Friday, September 14, 2012

Beale on Revelation 17

I have two items for my write-up today on G.K. Beale's The Book of Revelation: A Commentary on the Greek Text.

1.  Revelation 17:10-11 states (in the King James Version): "And there are seven kings: five are fallen, and one is, [and] the other is not yet come; and when he cometh, he must continue a short space.  And the beast that was, and is not, even he is the eighth, and is of the seven, and goeth into perdition."

Beale refers to different interpretations of this passage: attempts to identify the seven kings with seven Roman monarchs, as well as the argument that the five fallen kings are Egypt, Assyria, Babylon, Persia, and Greece (nations that oppressed Israel), Rome is the king who is, and an unknown kingdom is the one who is to come.  Beale is open to these interpretations (although, on some level, he finds them problematic), but he ultimately interprets the passage as symbolic and as relevant to the church age, the time between Christ's first and second comings.  Seven, for Beale, indicates that the Beast's oppression is complete, for seven is a number of completion.  The reference to the past, present, and future depicts the Beast as counterfeiting God, who was, is, and is to come.  The reference to the Beast as the eighth, for Beale, presents the Beast as counterfeiting Jesus Christ, whose number (according to gematria) is 888.  And Beale contends that the Beast was and was not in the sense that Satan was defeated by Christ's death, and thus the Beast is (in some sense) powerless, and yet the Beast continues to exercise power in oppressing God's people.  So the Beast exists, but does not exist.

For Beale, these are things that are pertinent to the entire church age.  And yet Beale also believes that they related to the first century, as the Roman emperor counterfeited God and Christ----not in the sense that he pretended to be the Jesus Christ whom Christians worship, but in the sense that he claimed divinity and professed to do things that Christians ascribed to Jesus Christ, such as inaugurating new beginnings.

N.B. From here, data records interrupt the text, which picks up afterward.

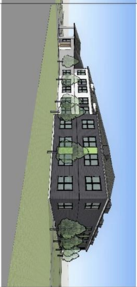
VIEW FROM SOUTHEAST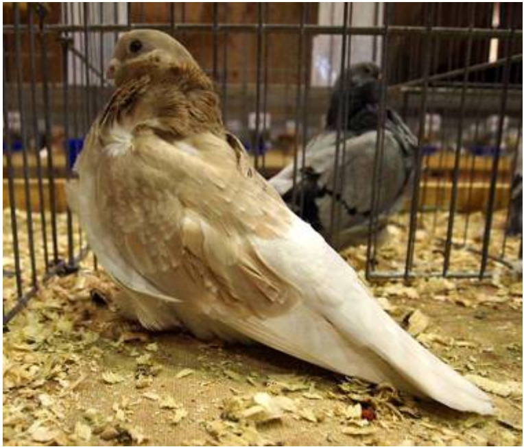
Above: Chinese Owl, ash yellow. Owner: Tzvetan Dimitrov.

The main emphasis was given to Structure pigeons and Oriental Frills, representing the one third of the exposed birds. From the Structure pigeons, the Fantail pigeon (196 specimens) had the largest entry, followed by Chinese Owls (60 pigeons) and Jacobin pigeons (with 61 entered pigeons). With presented 132 specimens the exhibition is the largest until now in Eastern Europe for the Oriental Frills category of pigeons. Traditionally more well represented have been Blondinette (92 specimens) in comparison with Satinette (40 pigeons).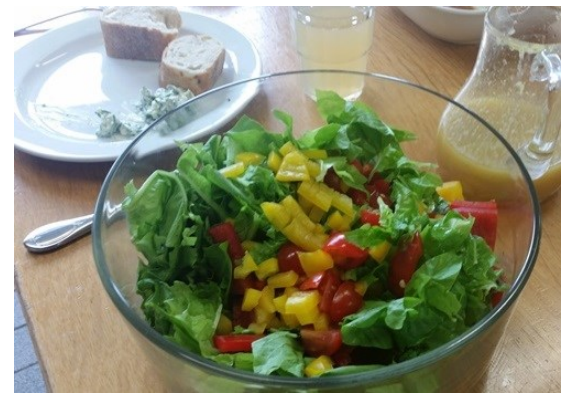
After the harvest: Healthy meal with salad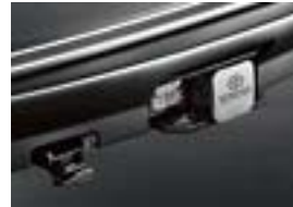
Tow Hitch w/Wire Harness $659.00 Installed MSRP*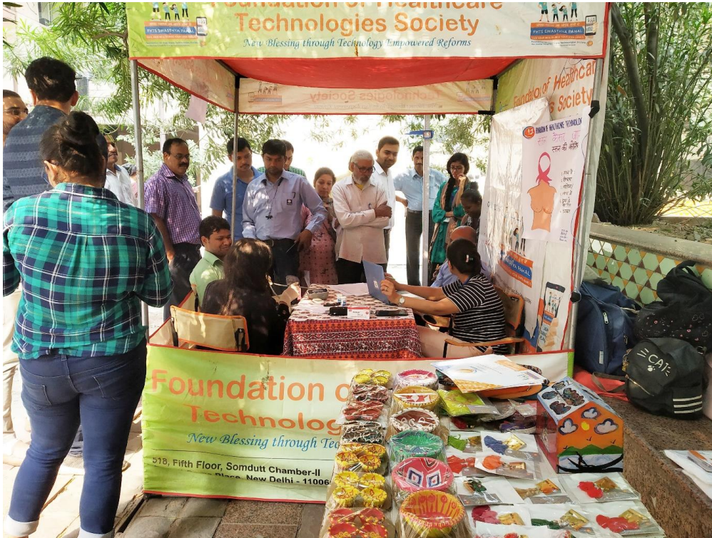
Swasthya Pahal Camp overview – setup at Bhikaji Camp Place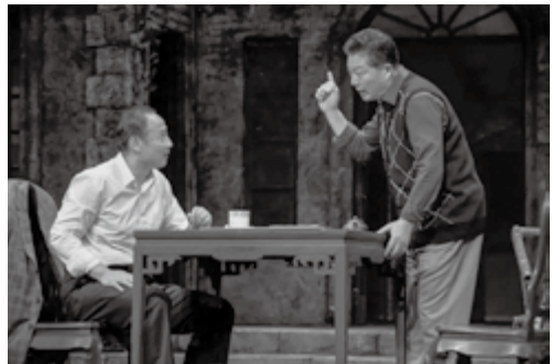
■ House Guest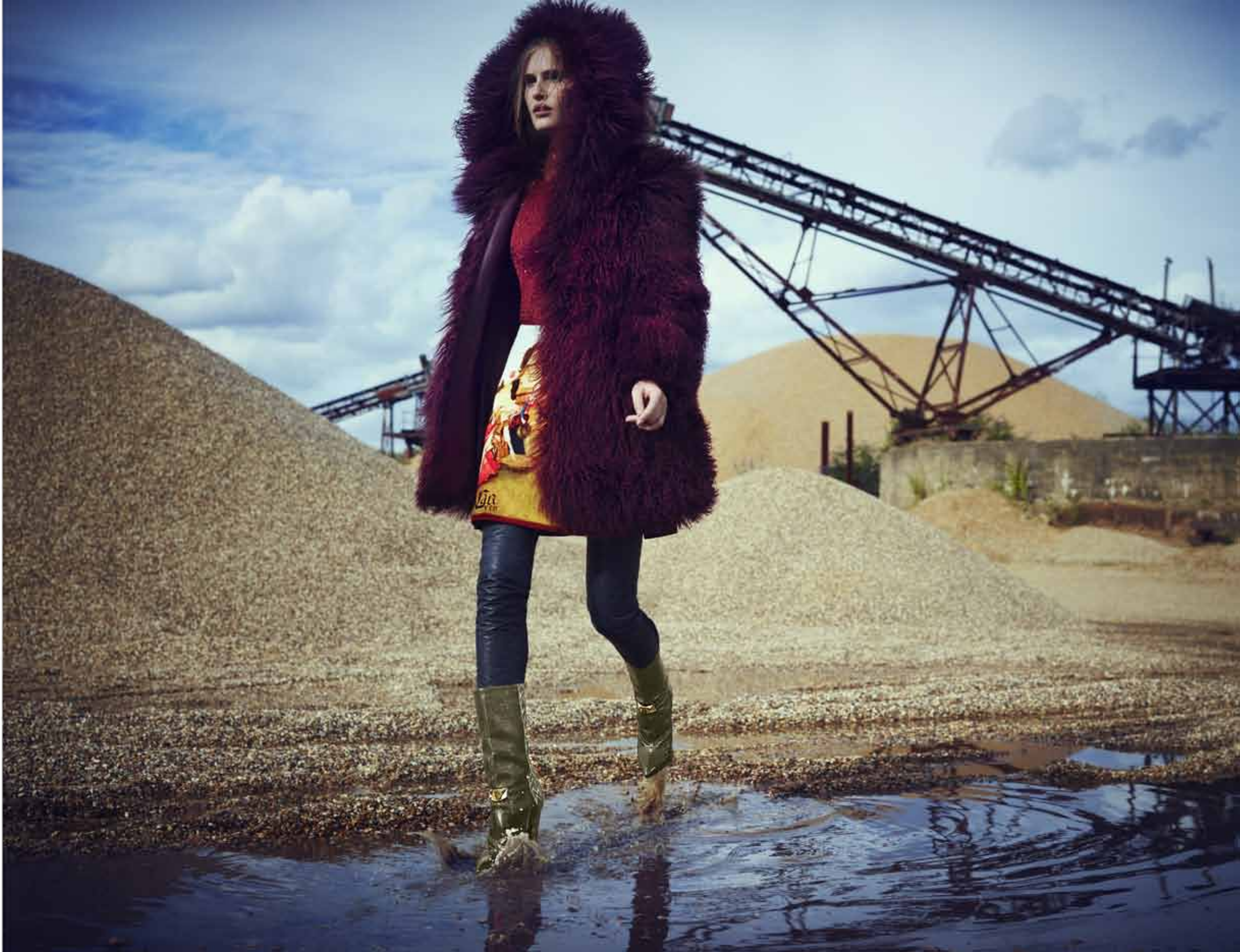
Coat by Versus; dress by Kaufmanfranco; shirt and skirt by Carven; pants by Preen Line; boots by Missoni

2.  On page 889, Beale takes on the preterist view that the woman of Revelation 17 is Jerusalem.  Remember that many preterists interpret the Book of Revelation in light of the destruction of Jerusalem in 70 C.E., and thus their view of Revelation is as Jerusalem-centric as they can make it.  Beale acknowledges that the woman is described as Israel is in the Hebrew Bible----as a harlot.  Yet, his problem with interpreting the woman as Jerusalem is that Jerusalem did not rule over the kings of the earth, especially not in the few centuries prior to 70 C.E.  But Beale refers to how some scholars have attempted to get around that: by saying that God gave Jerusalem spiritual rule over the earth, that the state of the world (whether it was at peace or in chaos) was contingent on Israel's faithfulness to God, or that there are biblical and rabbinic texts indicating that Jerusalem had "spiritual and economic influence over the whole earth throughout the ages" (Beale's words). 

Beale thinks that the woman represents Rome, in some capacity.  But, because Revelation 17 depicts the Beast killing the woman, Beale believes that the woman and the Beast represent different components of Rome: the woman is the religious-economic aspect, whereas the Beast is the political-military.  But Beale also says that, in a sense, the churches that compromise with Rome's idolatry are part of Babylon.  For Beale, Revelation 17 is about how other nations benefit from Rome economically and are influenced by her idolatry (but Beale probably also believes that Revelation 17 somehow relates to the church age).